Дмитрий посмотрел на новые отесанные бревна мостового настила и вспомнил, что нынешней весной пришлось сегодняшней мосткве, только не с холма кремлевского, а из посада - черным людям - менять четыре пролета, снесенных ледоходом. Мостква по-старому служит новой, большой, уже белокаменной деревне - Москве, первопрестольному граду Руси великой... От темных бревен моста пахло высохшим навозом, сырью свайных бревен, прелью. Он раздумал переходить реку и править путь в Заречье. На торг, налево, тоже не свернул, а пошел вдоль реки и вскоре увидел густое гнездовье прокопченных кузниц с широкими, на два раствора дверьми. Тут черные люди кузнецкой сотни ковали лошадей, ладили сани и колымаги, крепя передки железным шкворнем. Тут вершилось великое таинство превращения закупных, свейских железных полос или русского кричного железа в латы, калантари, шлемы, кольчуги, наконечники стрел и страшные врагам русские тяжелые мечи... Дмитрий любил солоноватый дух железной окалины, любил волшебный труд кузнецов, которых недаром прозывают в народе колдунами. Он знал, что зять его, что взял в жены сестру Анну, воевода Боброк, любил сызмала стоять у горна.
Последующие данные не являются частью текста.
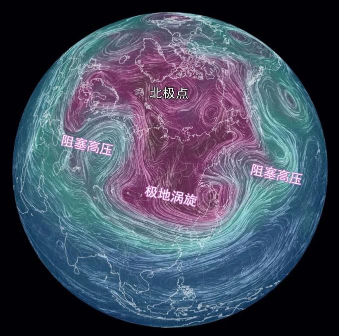 ↑上图为12月14日500hPa风场+气温示意图,最红的部分表示气温最低,差不多就是对流层极地涡旋的覆盖区域,我国位置则在图中下方偏左一点。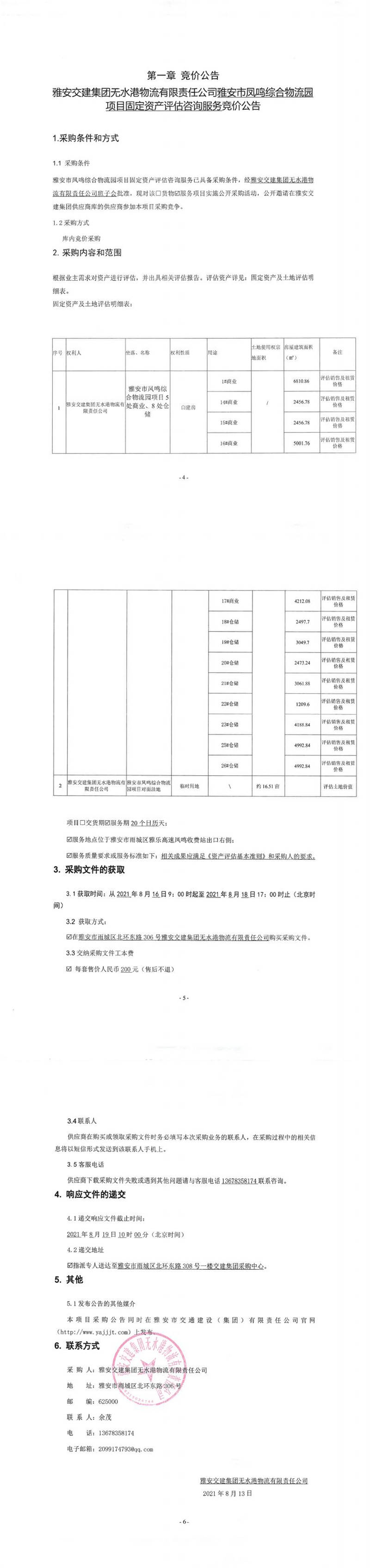 雅安交建集團無水港物流有限責(zé)任公司雅安市鳳鳴綜合物流園項目固定資產(chǎn)評估咨詢服務(wù)競價公告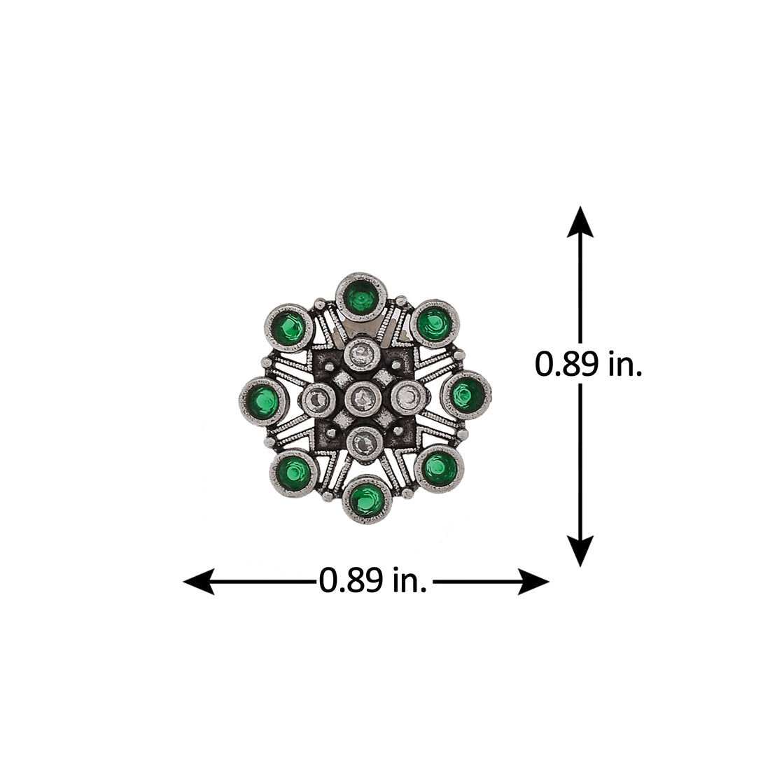 Floral stud earrings embellished with round cut green stones. Made from brass and oxidised silver plated. The earrings can be paired with just about everything.Caring for your fashion jewelry: We, at Voylla, take care of every piece of jewelry so...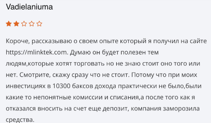 - отрицательные отзывы о Mlinktek com содержат обвинения в мошеннических действиях и присвоении денег клиентов, негативный опыт является поводом задуматься о целесообразности инвестиций в проект.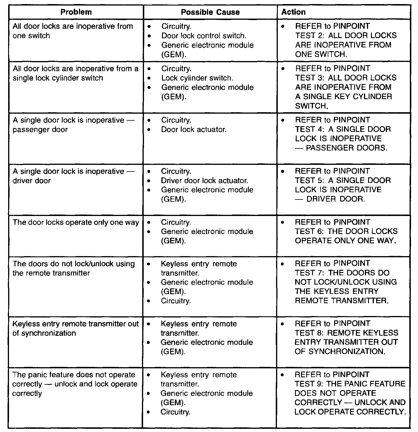 TROUBLESHOOTING INDEX - POWER DOOR LOCKS/KEYLESS ENTRY REMOTE TRANSMITTER (Part 1):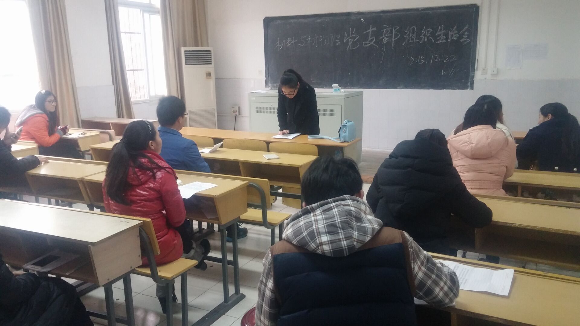 研究生材料及材料物理党支部在生化楼2327室召开民主生活会。支部13名正式党员(实到10名)、4名预备党员参加会议,支部大会由材料及材料物理党支部书记凌敏同志主持。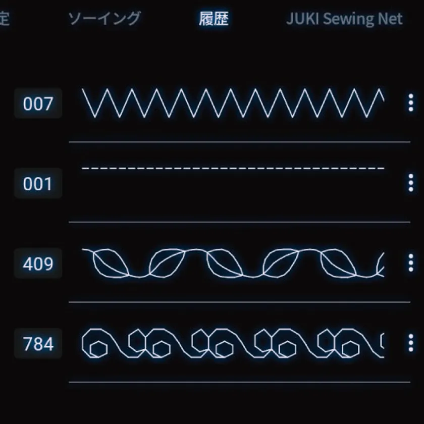 直前に縫った模様10種類(各種設定含む)を呼び出せる。
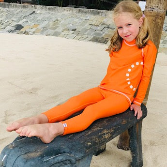 We design our swimwear to be skin fit on an average child within the older year within each range (eg 7 within 6/7y), so if in doubt, we recommend that you go a size up.

Сам себе отковал меч. Бояре шепчутся, что-де Боброк потому и молчалив, и глазами пучен, и силой необычен, что привык трудить мышцы свои в единоборстве с силой нечистой. В пасхальные дни, напившись меду бражного, кричал на церковной площади Кочевин-Олешинский, что Боброку в его дворовой кузне сам сатана мехи раздувает, а черти молотом бьют по очереди... На что уж смирен Боброк, а не сдержал себя - придавил боярина Юрыо спиной к колокольне Ивана Лествичника, и повинился пустослов принародно...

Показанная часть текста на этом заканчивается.